Work to complete: In this exercise, retype exactly and only the lines from the top of the entries below through the line that holds "Tento noční stolek", omitting pictures.

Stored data
- - - -

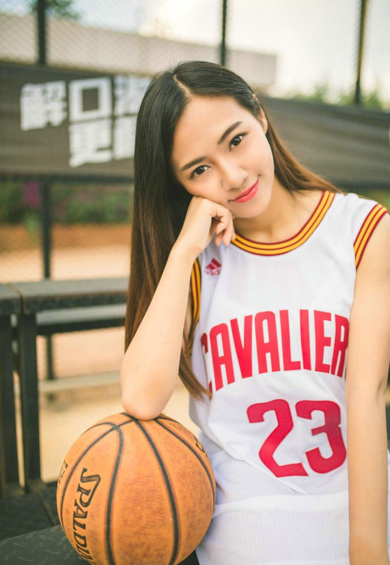 篮球场内的运动活力漂亮俏皮美女-套图吧
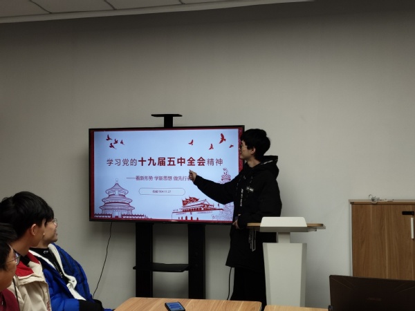 会议正式开始后,为学习贯彻党的十五届五中全会精神,安亮同学介绍道,“党的十九届五中全会,是在我国将进入新发展阶段、实现中华民族伟大复兴正处在关键时期召开的一次具有全局性、历史性意义的重要会议”。在宣讲过程中,他从全会公报、规划《建议》两个角度介绍了第十九届五中全会的精神内容和历史影响,并活用央视视频,在短短几分钟之内,多方位多角度地展示了会议核心所在,全面分析我国社会主要矛盾变化带来的新特征、新要求和全面分析错综复杂的国际环境变化带来的新任务、新挑战,回顾过去,展望未来。
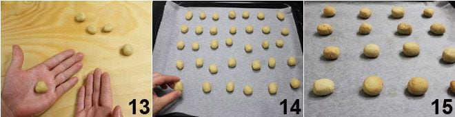 Modela los trocitos con las manos dándoles una forma redonda 13 y procede así hasta agotar la masa. Coloca las bolitas obtenidas en una bandeja de horno forrada con papel para hornear 14 y hornéalas a 180° por 15 minutos: deberán estar apenas doradas en la superficie pero no demasiado coloreadas 15. Saca los pastelitos del horno y déjalos enfriar: ¡no te queda más que servir tus habas de los muertos a tus invitados, incluso a los que no ves!
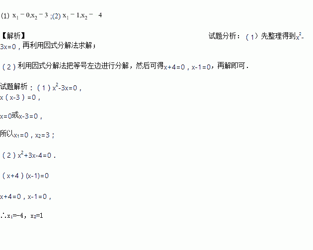 (1)x2+3=3(x+1); (2)x2+3x-4=0.
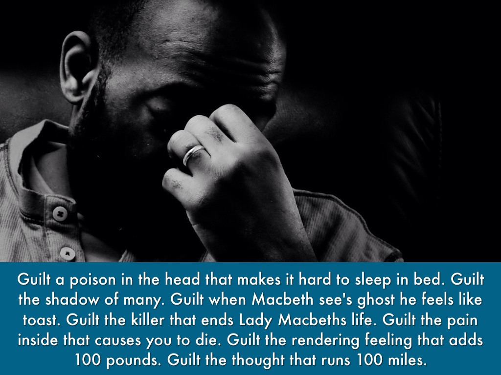 Guilt a poison in the head that makes it hard to sleep in bed. Guilt the shadow of many. Guilt when Macbeth see's ghost he feels like toast. Guilt the killer that ends Lady Macbeths life. Guilt the pain inside that causes you to die. Guilt the rendering feeling that adds 100 pounds. Guilt the thought that runs 100 miles.
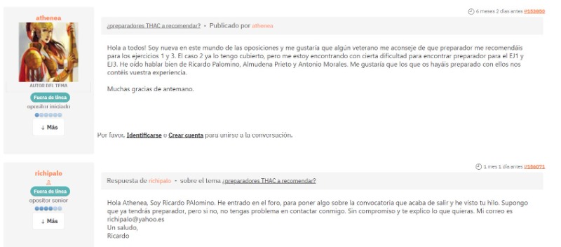 Hola a todos! Me paso por aquí para comentaros mi experiencia en relación a la preparación de las oposiciones a técnico. Gracias a las muchisimas recomendaciones de este foro me puse en contacto con Ricardo Palomino (richipalo@yahoo.es). El me comentó que en ese momento estaba muy atareado pero se ofreció a comenzar mi preparación, pese a no conocerme. En estos cinco meses he podido descubrir que los buenos comentarios de sus alumnos son fruto de su gran calidad como preparador, y sobretodo como persona. Siempre responde las dudas de inmediato y además de ser un gran tutor a nivel académico, es un gran motivador a nivel personal, dándome siempre los mejores mensajes de ánimo cuando más lo necesito. A los que comenceis este duro y largo camino, os aconsejo que contactéis con Ricardo, no os arrepentiréis.
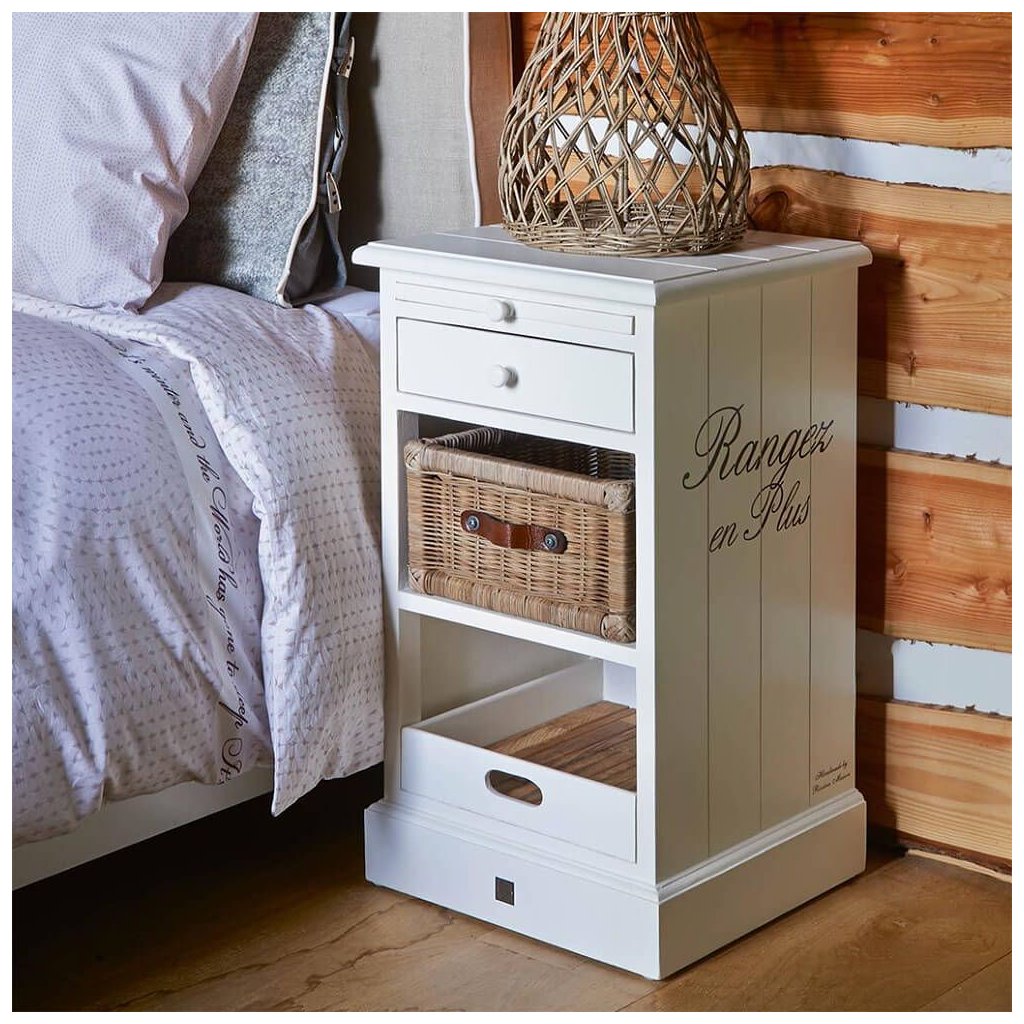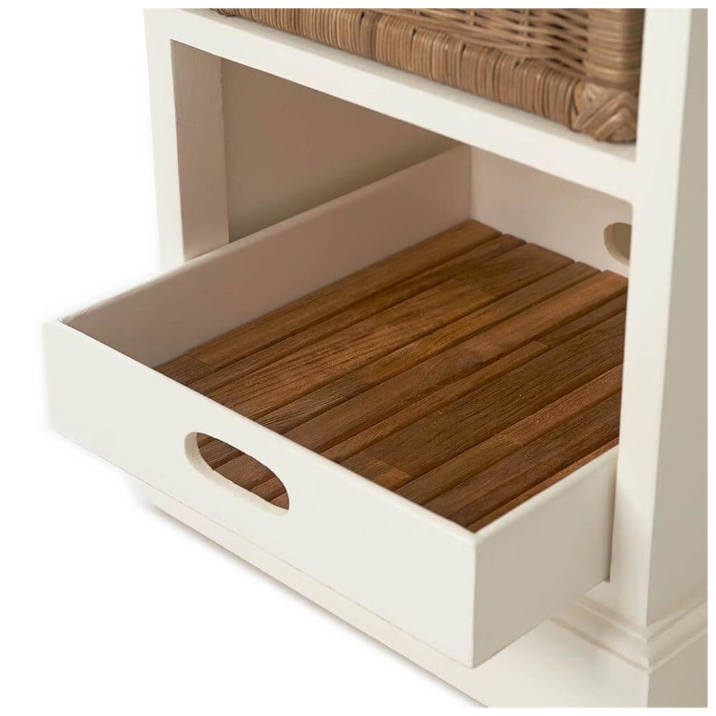 Tento noční stolek má dvě dřevěné zásuvky, čtyři ratanové zásuvky a krásný integrovaný dřevěný podnos.Doplňkové parametry
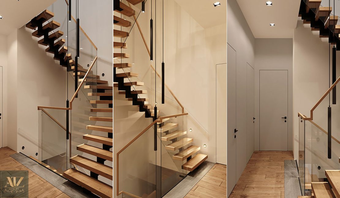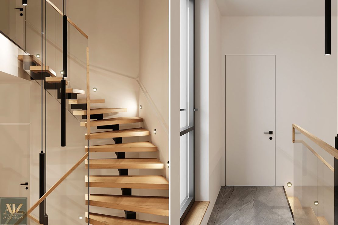 Hành lang bậc gỗ, lan can bằng kính cường lực nâng tầm tuyệt đối cho thẩm mỹ căn nhà. Lan can kính cường lực có rất nhiều ưu điểm: độ bền cao, đẹp mắt, chịu được nhiệt độ cao, dễ dàng vệ sinh.
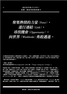 聚集熱情的力量(Force),進行連結(Link),尋找機會(Opportunity),向世界(Worldwide)勇敢邁進
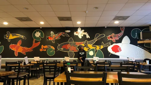 I worked again with the familiar client and owner of Kanpai 2 in December of 2019 to modernise their main dining room wall with a graphic Japanese koi fish pond. I worked with house paint and accented with gold foil. If you’re ever in Savannah, Georgia, check it out at Kanpai, Chatham Parkway and eat some great Japanese food.
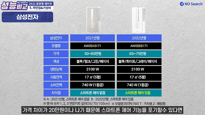 삼성은 21년형와 22년형이 있으며 차이점은 스마트폰 제어 기능 유무입니다. 다만, 가격이 10만원 가까이 차이나기 때문에 아직까진 21년형의 가성비가 좋아보입니다.
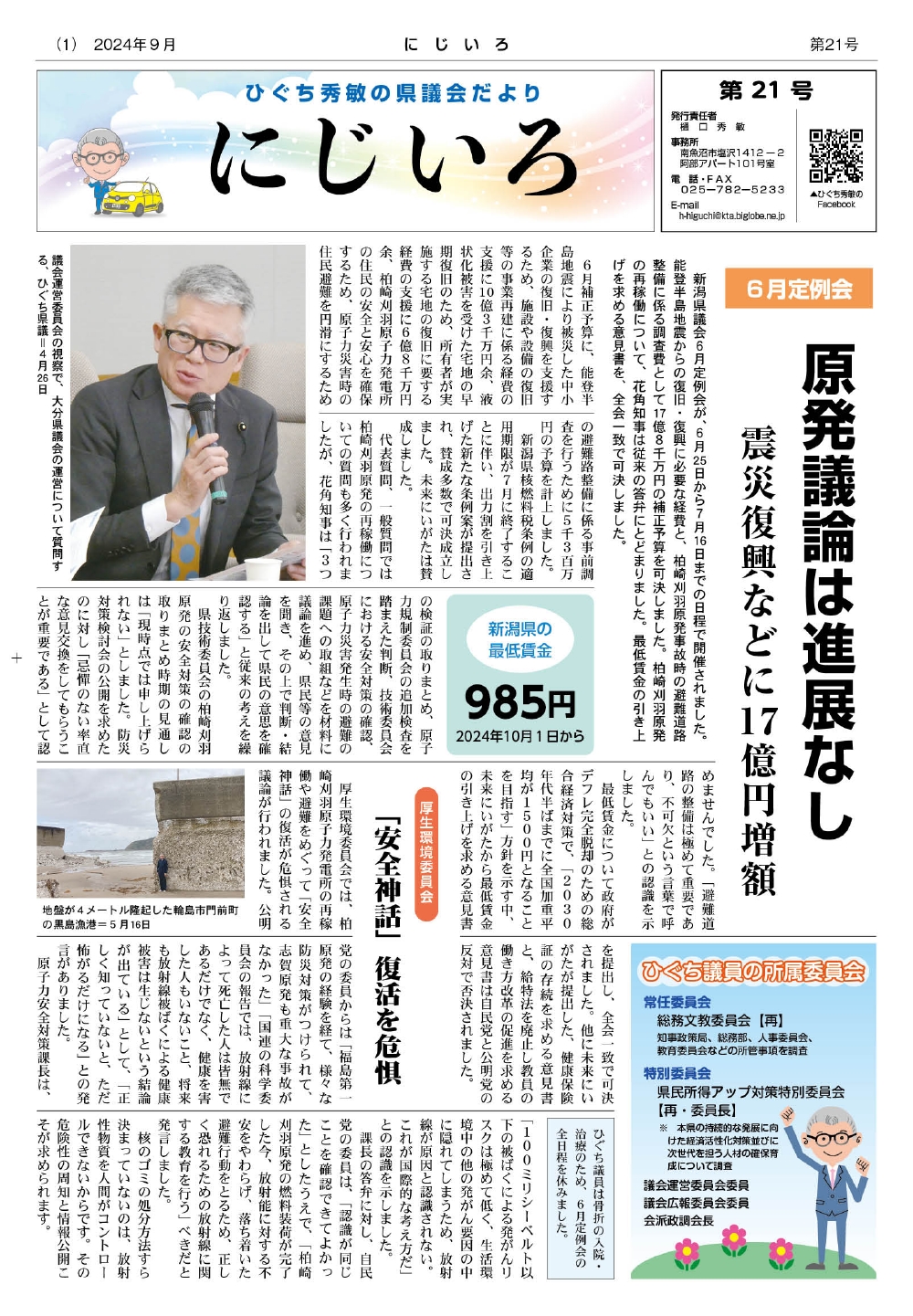 Top Page  事務所地図 新潟県議会(会議録) 県議会だより 県議会予定表  プロフィール 後援会FaceBook  ひぐち秀敏FaceBook
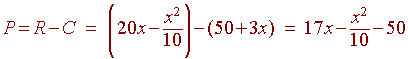 and the profit P is the revenue minus the cost. When we say marginal, we mean the derivative with respect to

- - - -

Exercise response:
 篮球场内的运动活力漂亮俏皮美女-套图吧
 会议正式开始后,为学习贯彻党的十五届五中全会精神,安亮同学介绍道,“党的十九届五中全会,是在我国将进入新发展阶段、实现中华民族伟大复兴正处在关键时期召开的一次具有全局性、历史性意义的重要会议”。在宣讲过程中,他从全会公报、规划《建议》两个角度介绍了第十九届五中全会的精神内容和历史影响,并活用央视视频,在短短几分钟之内,多方位多角度地展示了会议核心所在,全面分析我国社会主要矛盾变化带来的新特征、新要求和全面分析错综复杂的国际环境变化带来的新任务、新挑战,回顾过去,展望未来。
 Modela los trocitos con las manos dándoles una forma redonda 13 y procede así hasta agotar la masa. Coloca las bolitas obtenidas en una bandeja de horno forrada con papel para hornear 14 y hornéalas a 180° por 15 minutos: deberán estar apenas doradas en la superficie pero no demasiado coloreadas 15. Saca los pastelitos del horno y déjalos enfriar: ¡no te queda más que servir tus habas de los muertos a tus invitados, incluso a los que no ves!
 (1)x2+3=3(x+1); (2)x2+3x-4=0.
 Guilt a poison in the head that makes it hard to sleep in bed. Guilt the shadow of many. Guilt when Macbeth see's ghost he feels like toast. Guilt the killer that ends Lady Macbeths life. Guilt the pain inside that causes you to die. Guilt the rendering feeling that adds 100 pounds. Guilt the thought that runs 100 miles.
 Hola a todos! Me paso por aquí para comentaros mi experiencia en relación a la preparación de las oposiciones a técnico. Gracias a las muchisimas recomendaciones de este foro me puse en contacto con Ricardo Palomino (richipalo@yahoo.es). El me comentó que en ese momento estaba muy atareado pero se ofreció a comenzar mi preparación, pese a no conocerme. En estos cinco meses he podido descubrir que los buenos comentarios de sus alumnos son fruto de su gran calidad como preparador, y sobretodo como persona. Siempre responde las dudas de inmediato y además de ser un gran tutor a nivel académico, es un gran motivador a nivel personal, dándome siempre los mejores mensajes de ánimo cuando más lo necesito. A los que comenceis este duro y largo camino, os aconsejo que contactéis con Ricardo, no os arrepentiréis.
 Tento noční stolek má dvě dřevěné zásuvky, čtyři ratanové zásuvky a krásný integrovaný dřevěný podnos.Doplňkové parametry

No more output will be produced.